Read A Great Unrecorded History: A New Life of E. M. Forster Online
Authors: Wendy Moffat
Tags: #Biography, #British, #Literary
Mohammed’s father died two days after he returned home, and two days later in a cruel double blow he “received a wire from Tanta [in the Nile Delta] stating that my brother—the tailor—drowned in the Nile.” “Griefs never come one by one,” Mohammed told him, “they always come in battalions . . . What am I going to do? I have always asked myself the question but I did not find the answer yet.” Mohammed had never felt close to his father, but his brother Ahmed was beloved, and the death bewildered and shattered him. “He was a good swimmer and the Canal [where he drowned] is not so deep. I did not realise it yet.” Morgan immediately traveled to Mansourah to console him. The visit “was even better than either of us had hoped. Does one experience a renewal or a deepening of emotion each time?” he asked Florence.
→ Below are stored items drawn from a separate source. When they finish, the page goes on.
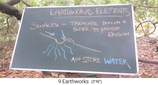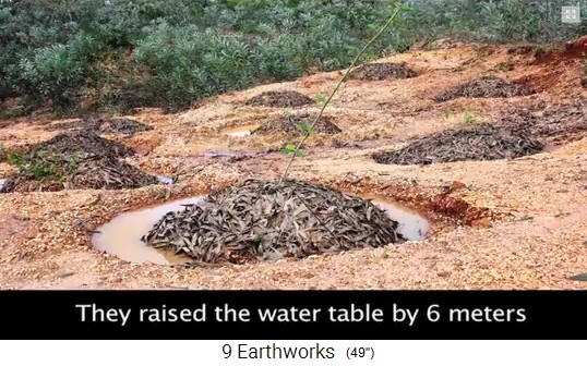 Trockene Hänge werden mit kleinen Gräben und Dämmen wiederbelebt, die bewirken, dass das seltene Regenwasser nicht mehr den trockenen, harten Hang runterfliesst und verlorengeht, sondern ins Erdreich einsickert. Dies ist das Prinzip von Sekar im Permakulturzentrum "Magic House" in Indien: Wasser einfangen, abbremsen, aufsaugen, in der Erde speichern (engl.: "catch, slow, soak, store water in the soil") [web10 - 16-26''].
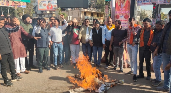 कवर्धा :- दो दिवस पूर्व लोकसभा एवं राज्यसभा में असंसदीय व्यवहार करने पर विपक्ष के सांसदों को निलंबित किया गया था । निलंबन के दौरान लोकसभा भवन परिसर में प्रोटेस्ट कर रहे विपक्षी सांसदों में मौजूद टीएमसी के सांसद कल्याण बैनर्जी ने अशोभनीय व्यवहार प्रदर्शित करते हुए उप राष्ट्रपति एवं सभापति जगदीप धनकड़ का मिमिक्री कर उनका मजाक बना रहे थे । इस दरम्यान काँग्रेस के राष्ट्रीय अध्यक्ष रह चुके राहुल गाँधी भी उनका वीडियो बनाते हुए इस अशोभनीय व्यवहार का लुफ्त उठा रहे थे । न्यूज चैनलों में फुटेज जारी होने के बाद देश भर में विपक्षी सांसदों की निंदा हो रही है । इसी तारतम्य में भारतीय जनता पार्टी किसान मोर्चा के नेतृत्व में कवर्धा स्थानीय सिग्नल चौक में राहुल गाँधी का पुतला दहन किया गया ।
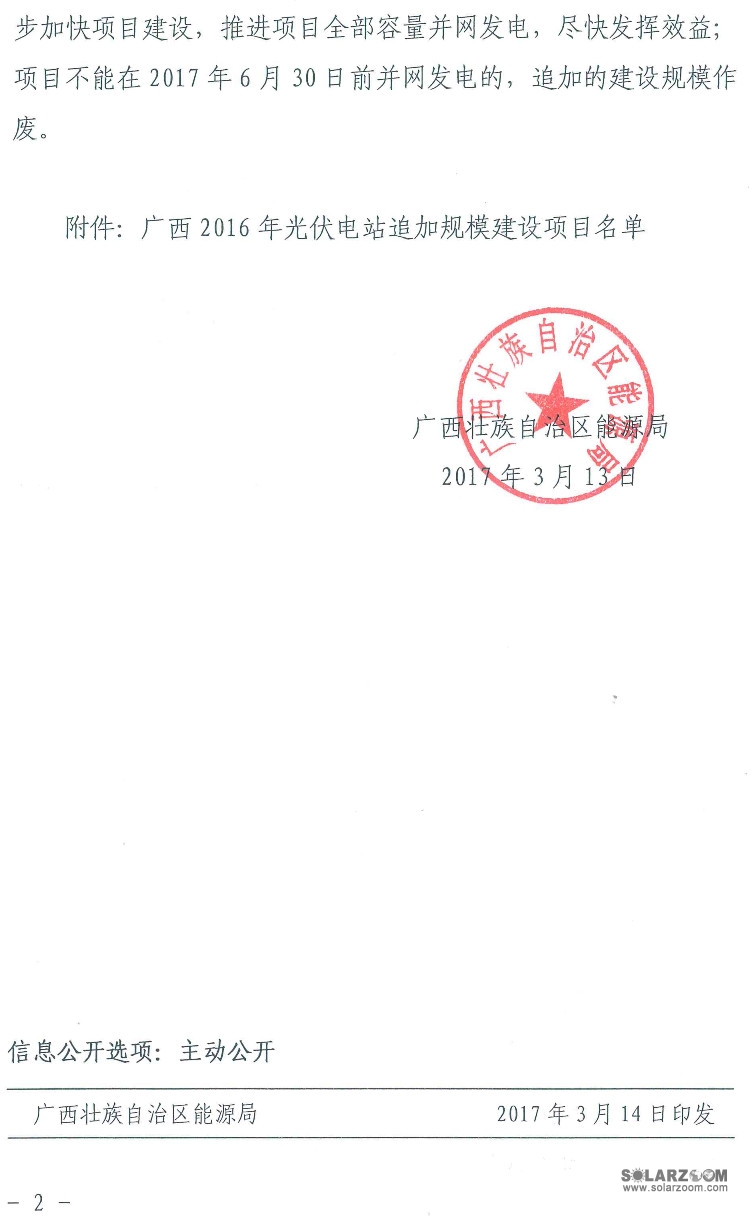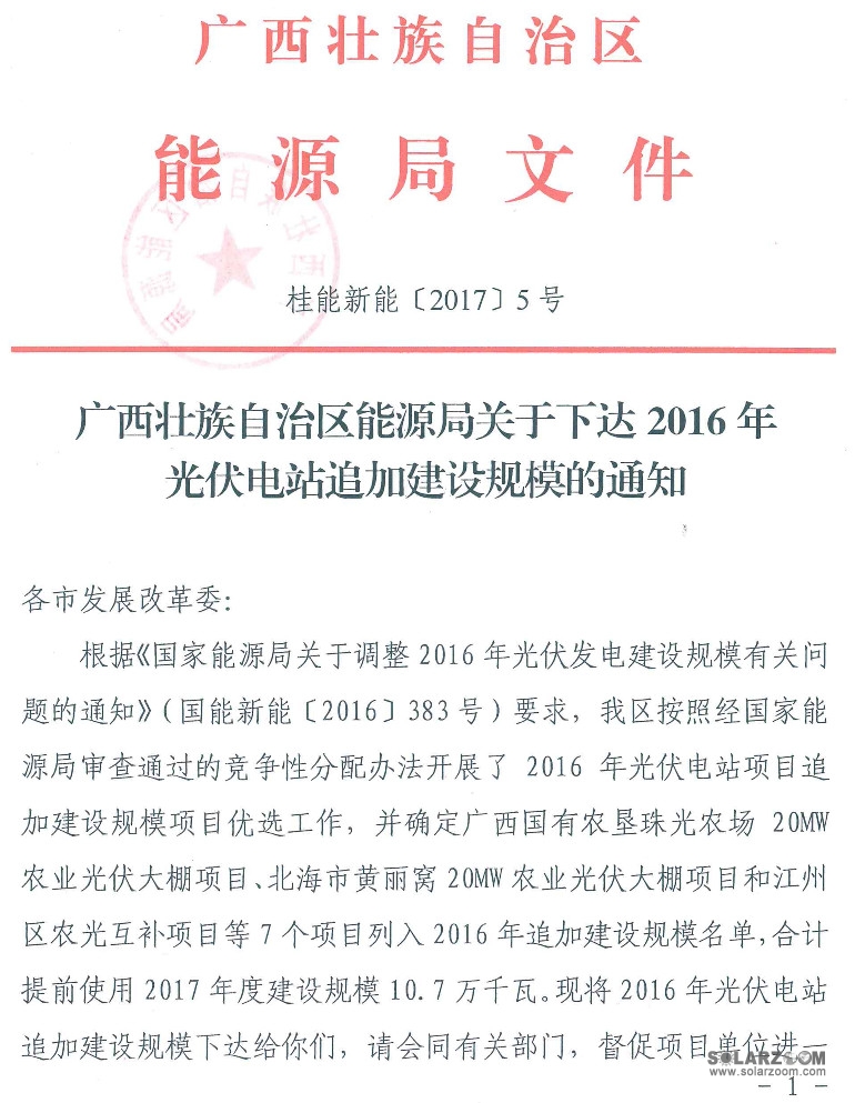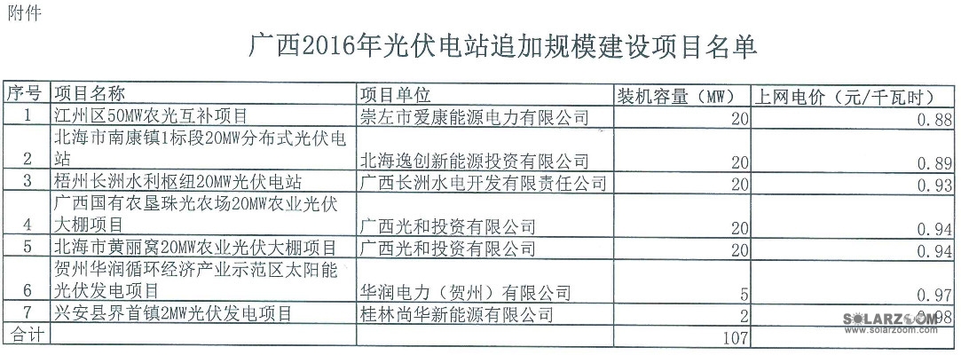 中國(guó)儲(chǔ)能網(wǎng)訊:近日,廣西能源局下達(dá)《2016年光伏電站追加規(guī)模的通知》。《通知》指出此次廣西共有7個(gè)項(xiàng)目列入2016年 追加建設(shè)規(guī)模名單,合計(jì)提前使用2017年度建設(shè)規(guī)模107MW。項(xiàng)目不能在2017年6月30日前并網(wǎng)發(fā)電的,追加的建設(shè)規(guī)模作廢。

Mohammed now found himself in a middle-class predicament: jobless, but a homeowner. For once, the men had some privacy—“perfect conditions”—though
they were a reiteration of the Home of Misery. The house was more like three tiny houses connected together in a slum near the railway station, and Mohammed had rented out all but one small room to keep to himself. This was considerably less clean than the room in Bacos, but no matter: the men “seldom touched [the muddy floor] bottom.” They headed straight for the bed. Food was brought in to them by a “semi-slave” who “squatted in the passage while we ate.” To wash they stripped in a passage under the stair, “pour[ing] little tins of water over each other.” Though Mohammed was “awfully grave at first,” he rebounded the next day, wrestling and ragging with Morgan in the bed, playfully threatening, “‘Morgan I will hurt you—Edward I will kill you’ and we went on fooling until we fell asleep.”
Here there was no need to be coy. Mohammed gave him quite a tour of Mansourah by boat and carriage, introducing him to “Mr. Ganda and all [his] other friends.” The two men cheerfully planned Mohammed’s next step: marrying his brother’s widow and adopting their two-year-old child, of whom he was fond. Morgan told Florence: “I am rather in favour of it. He likes her and has often seen her, and she likes him and approves the scheme . . . She requires no dowry, and—being a widow—there will be no expense over the wedding.” Morgan prided himself on his pragmatism and knowledge of local customs, pointing out that he returned by third-class ticket, traveling like a proper Egyptian to spite British hauteur.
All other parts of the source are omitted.